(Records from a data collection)

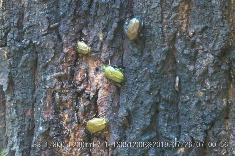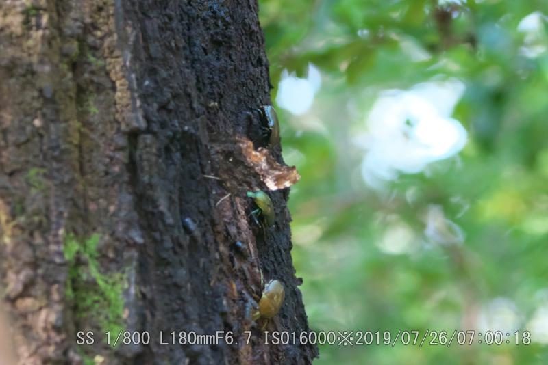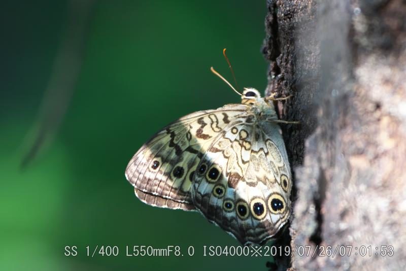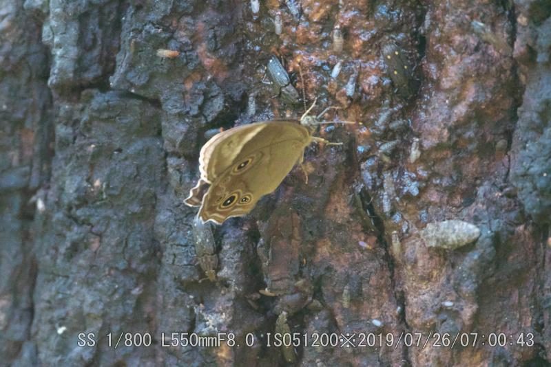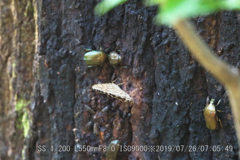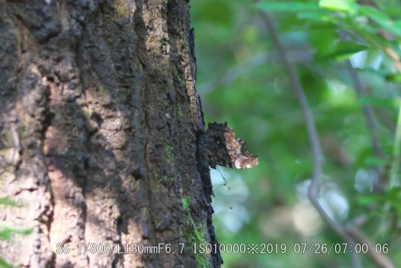 気になる樹だ。いつもより少し遅い、それに久しぶりの日差しだ。予想通りに蜜に虫が集まっていた。蝶もいた。蛾のような色だが、明るい、羽根を閉じて留まる、触角の先端が太いので蝶に間違いない。
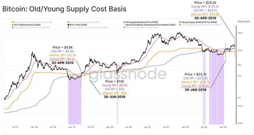 Glassnode mengategorikan “pasokan Muda” sebagai koin yang dipegang dalam tempo kurang dari enam bulan dan “pasokan Tua” sebagai koin yang dipegang lebih lama dari kurun waktu tersebut.
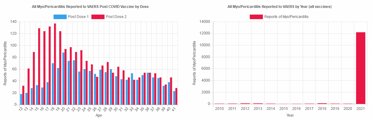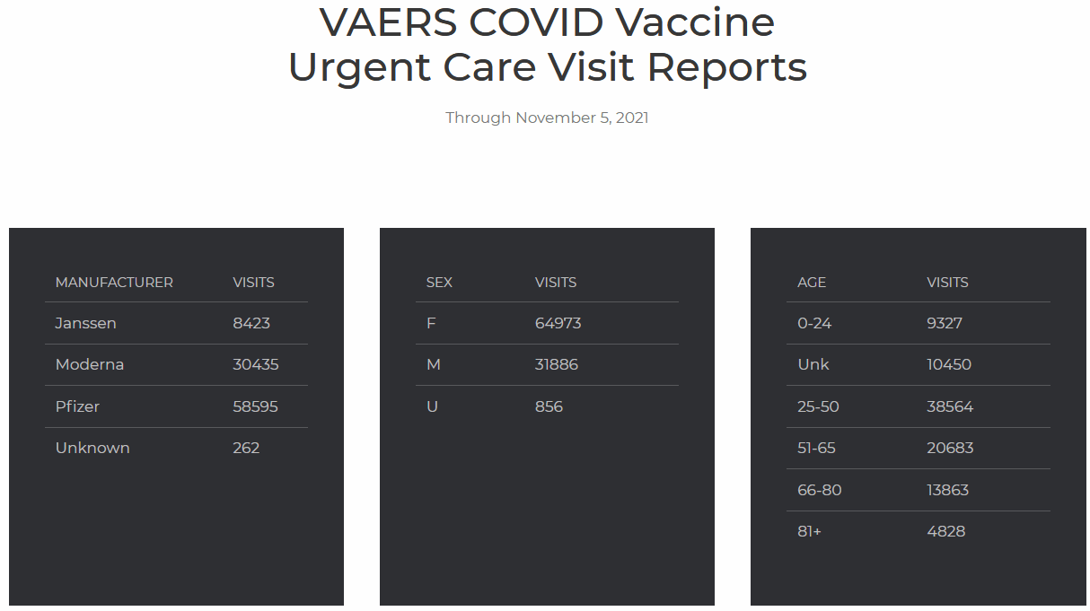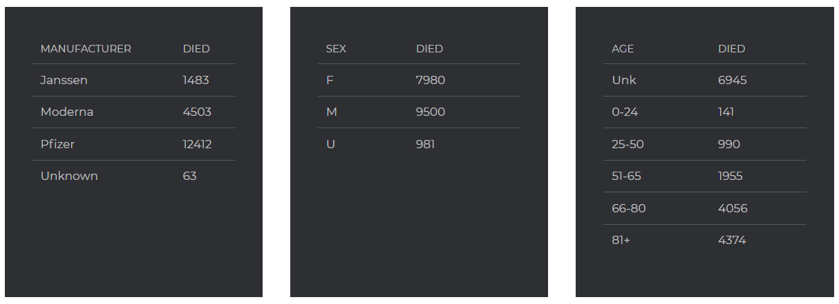 Anzahl gemeldeter Nebenwirkungen des Pfizer-/Biontech Covid-19 Impfstoffs. Es wird davon ausgegangen, dass nur ca. 1% bis 3% der Nebenwirkungen und Todessfälle gemeldet werden.
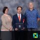 The audience was then addressed by Masaaki Shirakawa, the 30th Governor of the Bank of Japan and professor at Tokyo’s Aoyama Gakuin University. He spoke about his professional career as the Governor of the Bank of Japan during some tough financial times, particularly the Global Economic Crisis of 2008. Making decisions with integrity was a key to Japan weathering the economic storm of that period, and he emphasised the importance of this to students when it comes to making decisions in their own professional careers.
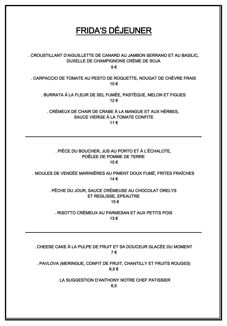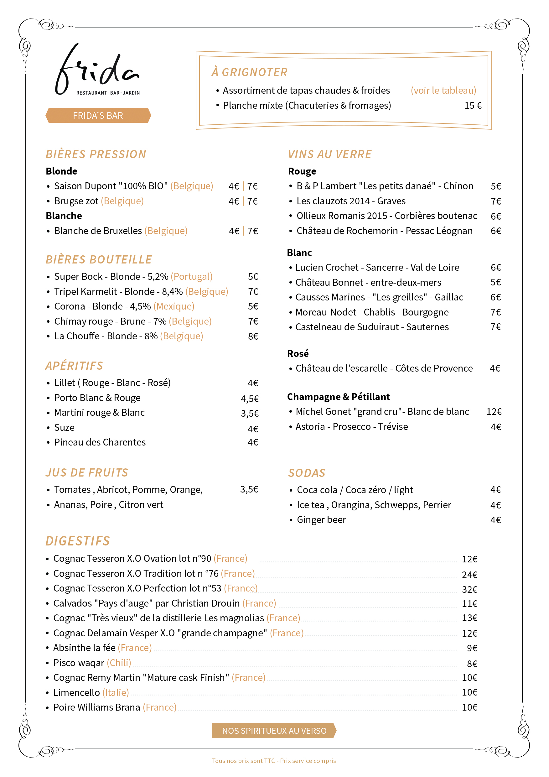 Chez FRIDA, la qualité et le goût sont nos valeurs premières. Venez découvrir nos cocktails soigneusement préparés par le barmen-mixologiste et découvrir la carte des vins spécialement concoctée par le fondateur des lieux Timothé Seguin-Medrinal, par ailleurs sommelier. Au menu ? Bordeaux, Bourgogne, Languedoc, Loire mais aussi vins d’Autriche, d’Italie, de Grèce, du Portugal et bien sûr du Nouveau-Monde.

*TASK OBJECTIVE*: In the copy, leave out all pictures, and retype exactly each line from the one with "The audience was" through the last line of the entries.

*SOLUTION FOR THIS EXERCISE*:
 The audience was then addressed by Masaaki Shirakawa, the 30th Governor of the Bank of Japan and professor at Tokyo’s Aoyama Gakuin University. He spoke about his professional career as the Governor of the Bank of Japan during some tough financial times, particularly the Global Economic Crisis of 2008. Making decisions with integrity was a key to Japan weathering the economic storm of that period, and he emphasised the importance of this to students when it comes to making decisions in their own professional careers.
 Chez FRIDA, la qualité et le goût sont nos valeurs premières. Venez découvrir nos cocktails soigneusement préparés par le barmen-mixologiste et découvrir la carte des vins spécialement concoctée par le fondateur des lieux Timothé Seguin-Medrinal, par ailleurs sommelier. Au menu ? Bordeaux, Bourgogne, Languedoc, Loire mais aussi vins d’Autriche, d’Italie, de Grèce, du Portugal et bien sûr du Nouveau-Monde.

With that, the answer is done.